I've been searching for a while if there is any way to use a Scala class in Pyspark, and I haven't found any documentation nor guide about this subject.

Let's say I create a simple class in Scala that uses some libraries of apache-spark, something like:

class SimpleClass(sqlContext: SQLContext, df: DataFrame, column: String) {   def exe(): DataFrame = {     import sqlContext.implicits._      df.select(col(column))   } }

Is there any possible way to use this class in Pyspark?
Is it too tough?
Do I have to create a .py file?
Is there any guide that shows how to do that?

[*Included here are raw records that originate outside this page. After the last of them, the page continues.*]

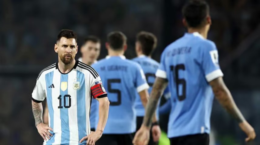 আর্জেন্টিনার চোখে চোখ রেখে লড়াই করল উরুগুয়ে। প্রথমার্ধে এগিয়ে যাওয়ার পর দ্বিতীয়ার্ধের শেষ দিকে করল ব্যবধান দ্বিগুণ। প্রায় এক মাস প্রতিযোগিতামূলক ম্যাচ না খেলা লিওনেল মেসি মাঝে মধ্যে ঝলক দেখালেন বটে, কিন্তু পারলেন না দলকে বাঁচাতে। কাতার বিশ্বকাপ জয়ের পর প্রথম হারের তেতো স্বাদ পেল লিওনেল স্কালোনির দল। বুয়েন্স এইরেসে শুক্রবার বাংলাদেশ সময় সকালে ২০২৬ বিশ্বকাপের লাতিন আমেরিকা অঞ্চলের বাছাইয়ে উরুগুয়ের বিপক্ষে ২-০ গোলে হেরেছে আর্জেন্টিনা। রোনালদ আরাউহো দলকে এগিয়ে নেওয়ার পর ব্যবধান দ্বিগুণ করেন দারউইন নুনেস। বিশ্বকাপের গ্রুপ পর্বে সৌদি আরবের কাছে ২-১ গোলে হারের পর টানা ১৪ ম্যাচ জিতে উড়ছিল আর্জেন্টিনা। তাদেরকে মাটিতে নামাল উরুগুয়ে; আর্জেন্টাইন কোচ মার্সেলো বিয়েলসার কৌশল মেলে ধরে।
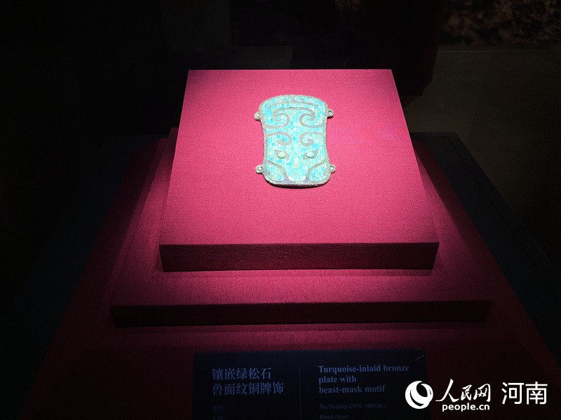Photo shows a turquoise-inlaid bronze plate with an animal mask pattern at the Erlitou Site Museum in Luoyang city, central China’s Henan province. (Photo/Zhang Yang)
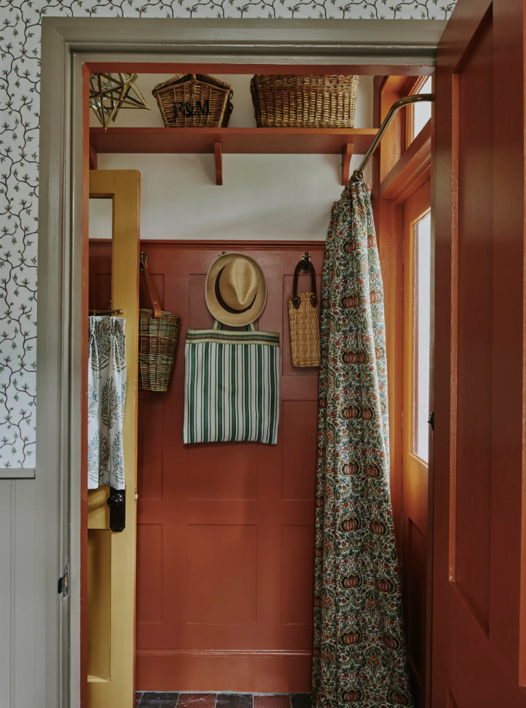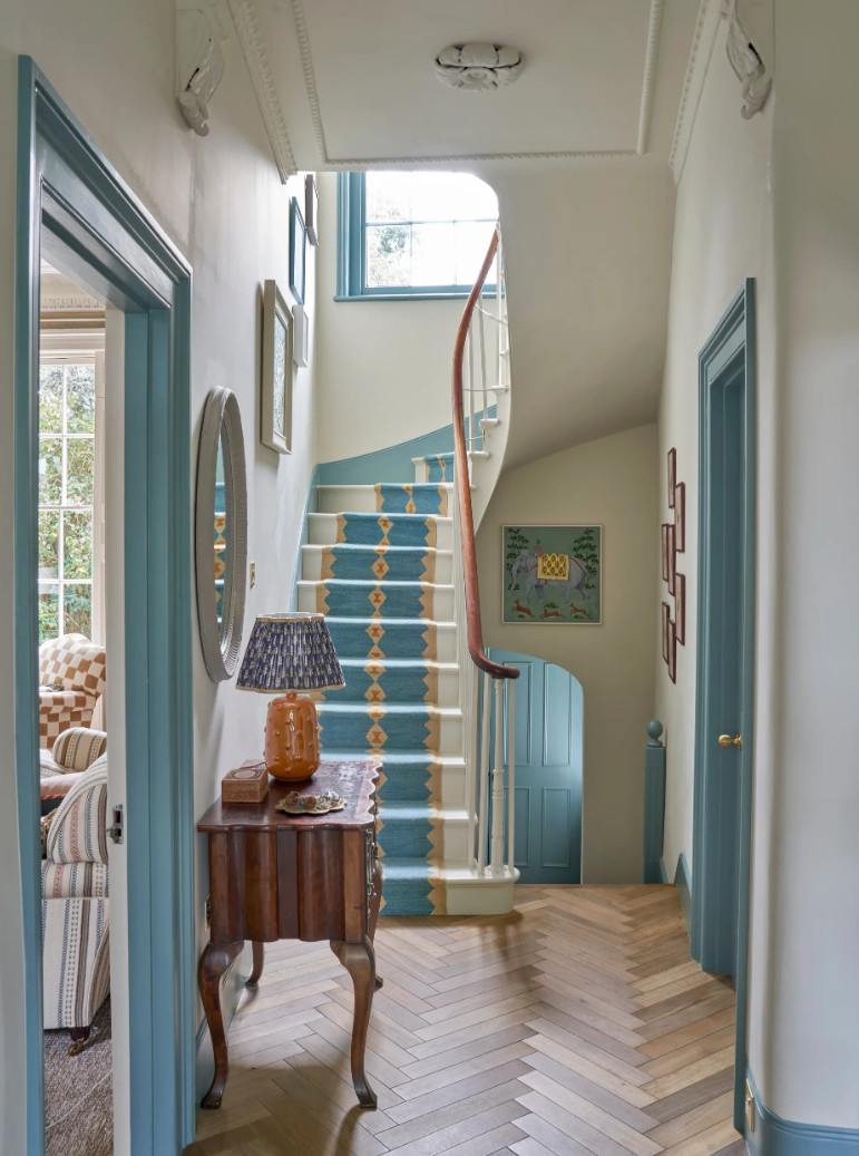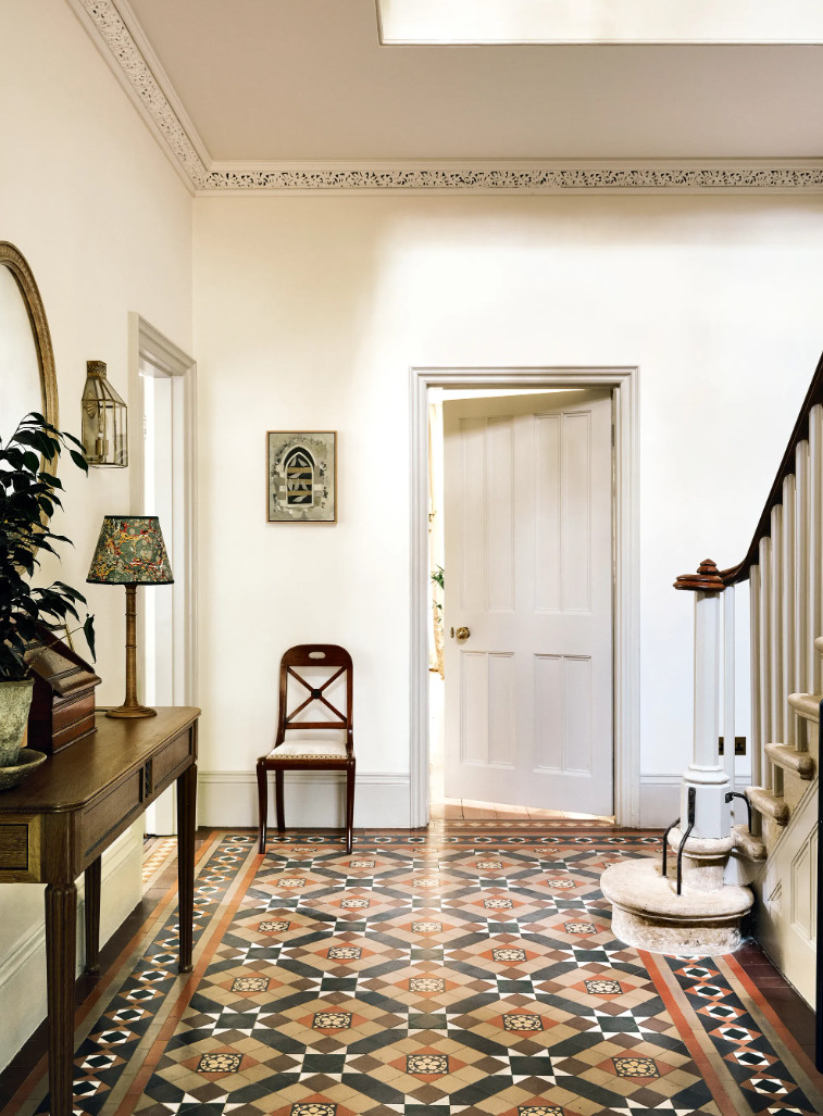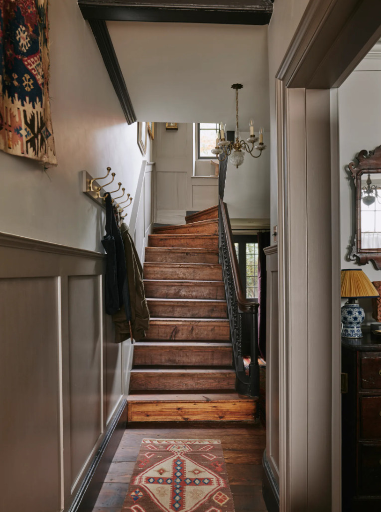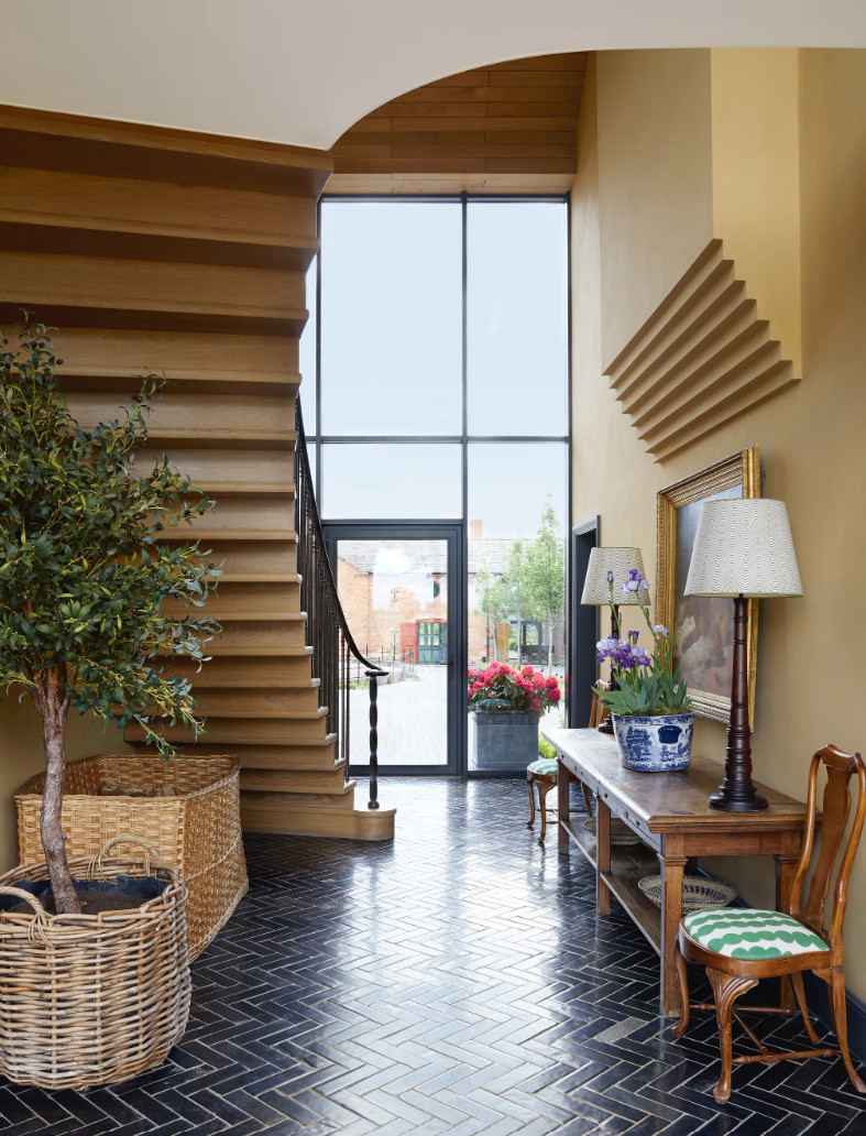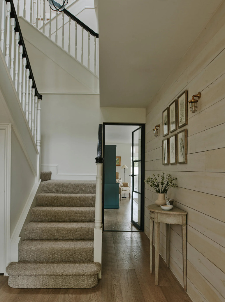 Під час оформлення важливо враховувати активність руху. Підлога має бути не лише красивою, а й практичною. Камінь, класична плитка у вінтажному стилі або зносостійкі натуральні матеріали, як-от сизаль чи джут, чудово підходять для цієї зони.
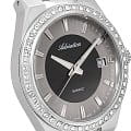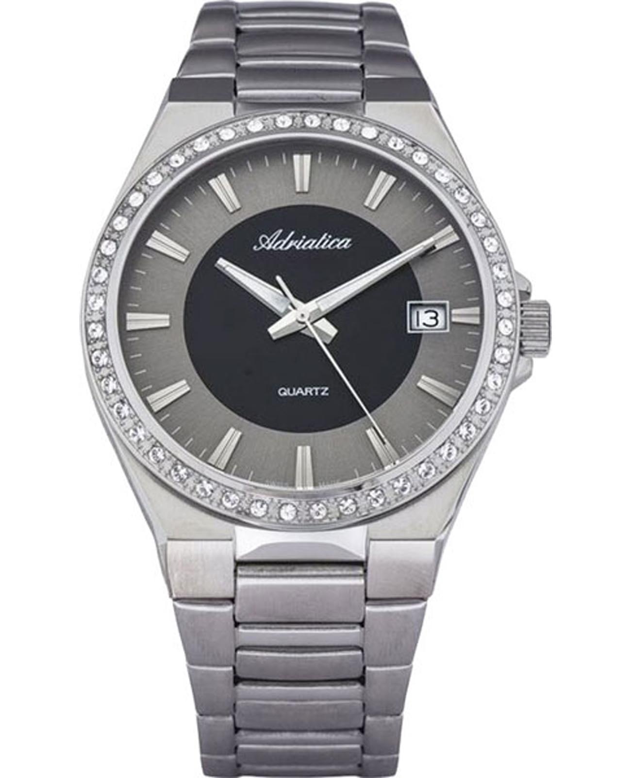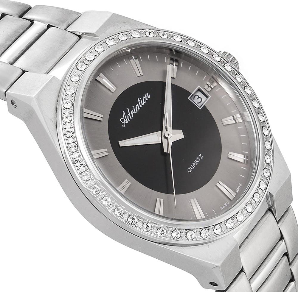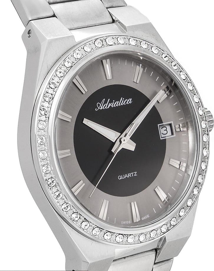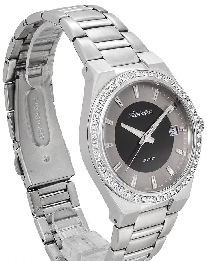 Женские швейцарские часы с минеральным стекломМинеральное стеклоМинеральное стекло представляет собой искусственно выращенный минерал кварца. Такое стекло отличается особой устойчивостью к повреждениям и царапинам. Уступает по некоторым качествам сапфировому стеклу. Adriatica A3804.5114QZ, кварцевый механизм, работающим от батарейки с высокой точностью. Класс водозащиты: 50 метров, позволит защитить корпус от случайных брызг или капель дождя. Корпус и браслет часов изготовлен из стали .Окошко даты находится в положении 3 часа.Стальной браслет на раскладной застёжкеРаскладная застёжкаТакой тип застёжки используется только на браслетах из металла. Она никогда не раскрывается полностью, происходит разделение на 2 и более частей. Раскладывающая застёжка снизит вероятность потери часов к минимуму.. Стрелки с люминесцентным покрытиемЛюминесцентное покрытиеПозволяет считывать показания времени в темноте. Производители наносят на стрелки, часовые индексы, безель или поверхность циферблата светонакопительный состав, дающий холодное свечение..БезельБезельВнешний ободок, закрепляющий стекло. В спортивных часах так называется поворотное кольцо с делениями на циферблате, выполняет роль таймера – замеряет отрезки времени на шкале. Неподвижный безель – элемент декора. Однонаправленно вращающийся безель на дайверских часах позволяет фиксировать моменты погружения и выныривания на поверхность. инкрустирован цирконами.
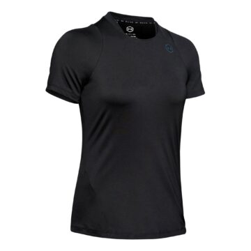 Specificaties: * Pasvorm: normale tot aansluitende pasvorm; ronde hals; 4-way stretch * Temperatuurregeling: UA Rush technologie; een met mineralen verrijkte stof die je lichaamsenergie gebruikt om je harder te laten werken en sneller te laten herstellen; sneldrogend en vochtafdrijvend; mesh inzetstukken voor ventilatie * Kleur: zwart * Materiaal: 51% polyamide – 49% polyester * Extra bijzonderheden: Anti-Odor technologie houdt nare geuren tegen
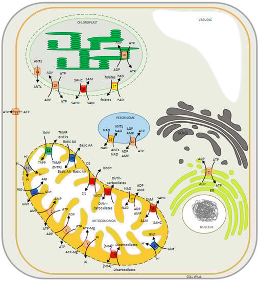 - Palmieri, F.; Rieder, B.; Ventrella, A.; Blanco, E.; Do, P.T.; Nunes-Nesi, A.; Trauth, A.U.; Fiermonte, G.; Tjaden, J.; Agrimi, G.; et al. Molecular identification and functional characterization of Arabidopsis thaliana mitochondrial and chloroplastic NAD+ carrier proteins. J. Biol. Chem. 2009, 284, 31249–31259. [Google Scholar] [CrossRef]
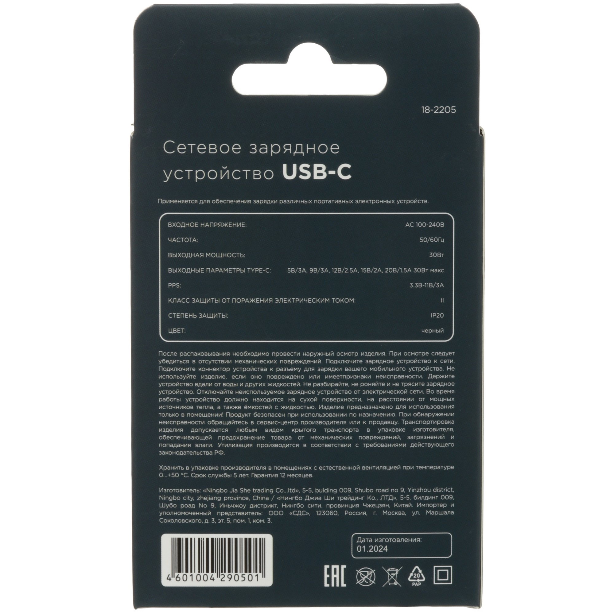 Сетевое зарядное устройство Rexant с одним портом Type-C, 30Вт GaN
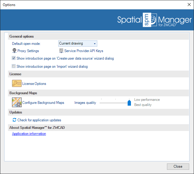 To access spatial databases or data stores in Spatial Manager™ for ZWCAD, you first need to have defined a User Data Source (UDS) including all the parameters to connect to (to learn more about UDSs, see: Data sources page).
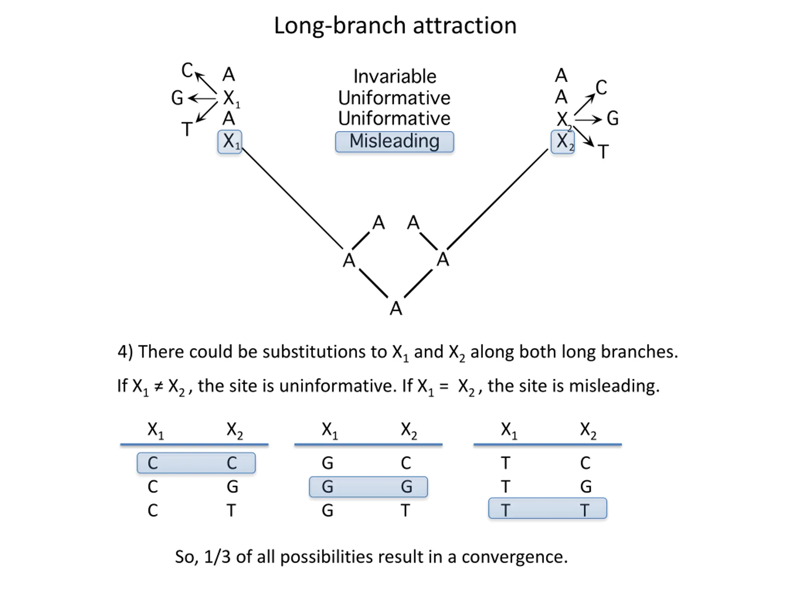 Long-branch attraction 1 2 1 2 4) There could be substitutions to X1 and X2 along both long branches. If X1 X2 , the site is uninformative. If X1 = X2 , the site is misleading. X1 X2 X1 X2 X1 X2 C C C C G T G G G C G T T T T C G T So, 1/3 of all possibilities result in a convergence.
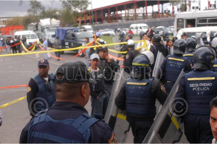 MÉXICO, D.F., 17OCTUBRE2008.- Se suscitó un enfrentamiento entre comerciantes semifijos ubicados en la calzada de Zaragoza a la altura del metro Tepalcates, el pleitó se dió entre dos bandos que se quieren apropiar del lugar dejando como resultado un mujer herida y un hombre lesionado que murió durante el traslado hacia el hospital y una camioneta destrozada y un Tsuru hacia como varios locales. FOTO: JULIETA MORACUARTOSCURO.COM
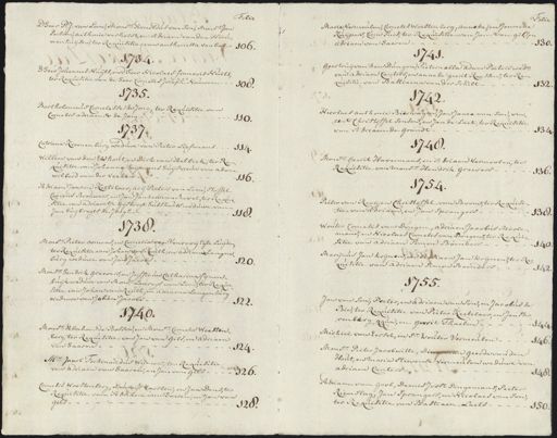 Folie D Heer P:J: van Loon, Monsr. Arnoldus van Son, Mons:r Jan persoon Anthonie verhelst en Adriaen van den Nieu¬ venhuijsen ter requisitie van Anthonetta van sal 106. 1734. d’heer Johannes Nuijts en d’heer Nicolaes Francois Nuits ter requisitie van de Heer Cornelis Joseph Nouwen 108 1735. Bartholomeus Cornelisse de Jong, ter requisitie van Cornelis Adriaense de Jong 110. 1737 Catriena Kroonenburg weduwe van Pieter Liefmans 114 Willem van den Elshout en Dirk van Aelbeek, ter re= quisitie van Johanna Heijmans huijsvrouw van Ad= Wilberd van der Reeken 116 Adriaen Jansen Keetelaer, Arij Pieters van Loon, Stoffel Cornelis Brouwers en Jan Janzen van Bavel ter requi= sitie van adriaantje Gijsbregt Hulshouts weduwe van Jan Suijbregts de Jongh 118 1738. Monsr Pieter Bomens en Cornelia van Venvooij Egte luijden ter requisitie van Johan van Reuth en Adriaen Lange burg weduwe van Jan Jacobs 120„ Monsr. Hendrik Greevers en Juffrouw Catharina sijnen buijk weduwe van Mons:r Laureijs van Loon ter regu= sitie van Johan van Reuth en Adriaen Langenbur= weduwe van Johan Jacobs 122 1740. Mons:r Abraham de Bosson en Monsr Cornelis Woesten berg ter requisitie van Jan van Gils en Adriaen van Jaaren 124 M:r Jacob Ferdinandus Wijmers, ter requisitie van Adriaen van jaaren en Jan van Gils 126 Cornelis Woestenberg, Laureijs vaerten en Jan Dens ter requisitie van Adriaen van jaeren en Jan van gils 128 olij Marie Vermeulen, Cornelis Woestenberg, Anneke en Jenneke Kuijpers, cum suis ter requisitie van Jan van Gilse Adriaen van Jaeren. 130 1741. Geertruij van den Dungen, Pieternella Adam Pieters wed:e van Adriaen Canters en Anneke Gerrit Raessen ter re= quisitie van Bastiaena van der schilt 132 1742. Nicolaes Anthonie bierwagen, Jan Janse van son, vin= cent Christoffel sensen en Jan de Laet ter requisitie van Adriaen de Grandt 134 1748. Monsr. Gerrit Havermans en Adriaen vermoolen ter requisitie van mons:r Hendrik Greevers 136 1754. Pieter van Rooij en Christoffel van Boom, ter requisi= tie van Adriaen en Jan Sprangers 138 Wouter Cornelis van Dongen, Adriaen Jacobus Moole mans, en Nicolaes Cornelis van Dongen, ter Req sitie van Adriaen Simon Boenders 146 Marinus Jan Krijnen, en Adriaen Jan Krijnen ter re= quisitie van Adriaen Simon Boenders 145 1755 Jan van Son Peeter en Adriaen van Son en Jacobus de Bie, ter requisitie van Pieter Keetelaer, en Jan Ster= renberg qqua en Gerrit thaelen 144 Michiel van Eersel en S:r Wouter Vermeulen 146 Monsr Pieter Jacob witte, Dingeman geerde van den Hout en Maria Steevense vermeulen weduwe van adriaen Canters 148 Adriaen van Gool, Denis Joost Dingemans, Pieter Riemslag, Jan Sprangers en Nicolaes van Son ter requisitie van Bastiaen laets 150

By the way I also looked at the spark code and I felt a bit lost, and I was incapable of replicating their functionality for my own purpose.

297

asked Mar 15 '16 23:03

Alberto Bonsanto

1 Answers

Yes it is possible although can be far from trivial. Typically you want a Java (friendly) wrapper so you don't have to deal with Scala features which cannot be easily expressed using plain Java and as a result don't play well with Py4J gateway.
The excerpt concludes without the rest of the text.